The last article also highlights a relatively recent trend that underscores the possibilities for unanticipated consequences associated with changing food product formulations. Specifically, the problem with foods going rancid has been compounded as a “byproduct of Americans and food manufacturers swapping trans fats for polyunsaturates in their products during the past 10 years”. This trend “resulted in a whopping 58% percent drop in trans-fatty acid consumption in the US in the past decade"; but the article emphasizes, “for all of their artery blocking evil, trans fats had at least one big benefit – they were very stable, meaning that they took forever to go rancid.
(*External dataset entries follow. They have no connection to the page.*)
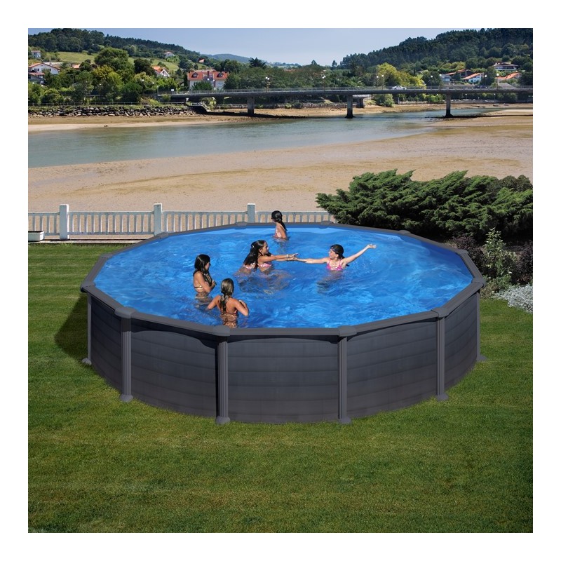La piscina de acero con aspecto grafito GRANADA puede instalarse fácilmente sin necesidad de realizar trabajos de excavación, se acopla a cualquier lugar gracias a su gran durabilidad y versatilidad, disponible en forma redonda: Ø350 cm 132 cm, Ø460 cm 132 cm, Ø550 cm 132 cm y oval: 500x300 cm 132 cm, 610x375 cm 132 cm y 730x375 cm 132 cm.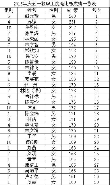 本次跳绳比赛成绩(前30名)如下: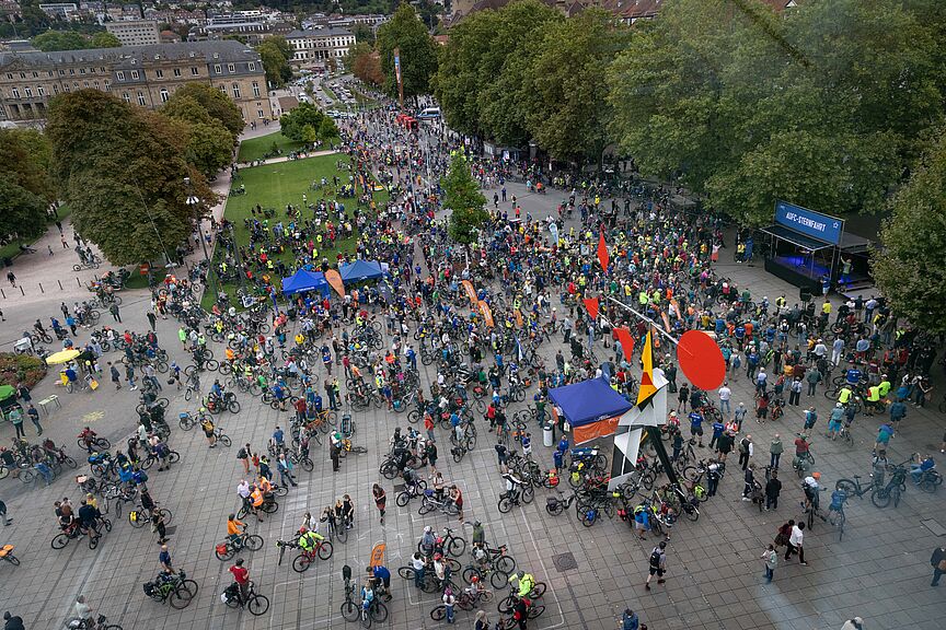 Sogar aus Freiburg, Karlsruhe, Heidelberg oder Schwäbisch Gmünd kamen Unterstützer*innen nach Stuttgart. Auf 12 polizeibegleiteten Strecken ging die Demo über die autofreien Bundesstraßen B10 und B14 bis zum Schlossplatz – endlich gab es mal richtig viel Platz fürs Fahrrad! Auch 350 Kinder der Kidical Mass Stuttgart radelten gut gelaunt zum Ziel, wo man schon seit vielen Jahren nicht mehr so viele Menschen mit Fahrrädern treffen konnte.

When these fats were replaced with polyunsaturates, such as corn and soybean oil, that shelf stability collapsed Experts advise paying close attention to ‘use by’ and ‘sell by’ dates on packages, which may have changed in recent years because of new formulations”. Of course, while it is hard to argue with the decision to ‘call for’ a reduction in our consumption of trans fats; who would have predicted the dramatic reduction in the ‘shelf life’ of products?
That last observation made me reconsider the “interesting twist” that framed the original query about what could be learned by the discovery of a 106-year old fruit cake – e.g., effectively, a ‘call for’ a reduction in the use of modern preservatives. In that regard, it is important to note one of the conclusions reached in a 2015 publication by Petrun et al., Shaping health perceptions: Communicating effectively about chemicals in food – “30% of consumers are cautious about serving foods with preservatives”. I want to end this story by considering the possibility that reducing the use of modern preservatives may have unanticipated consequences. By way of background, the Center for Food Safety (CFS) was established on the campus of the University of Georgia in April, 1993 with a mission of maintaining and improving the safety of foods through the development of methods that detect, control, or eliminate pathogenic micoorganisms or their toxins. Prof. Mike Doyle, the founding Director of the CFS, was a co-author on a review published in February, 2017 in the Annual Reviews of Food Science and Technology, The Challenges of Eliminating or Substituting Antimicrobial Preservatives in Foods. This review “addresses the safety of antimicrobials and the potential consequences of removing those that are chemically synthesized or replacing them from so-called natural sources”. Most importantly, the bottom-line conclusion from this review was that “Such changes can affect the microbiological safety and spoilage of food, as well as reduce shelf life, increase wastage, and increase the occurrence of foodborne illnesses”.
Consumers should expect their food supply to be safe. Decisions to remove preservatives from foods should be based on a cost-to-benefit analysis that considers the best science. Is the science on the safe use of chemical preservatives consistent with their removal and replacement with natural alternatives – e.g., a benefit in the context of giving consumers what they think they want – but, which can occur at the cost of unanticipated consequences, including an increase in the occurrence of foodborne illnesses?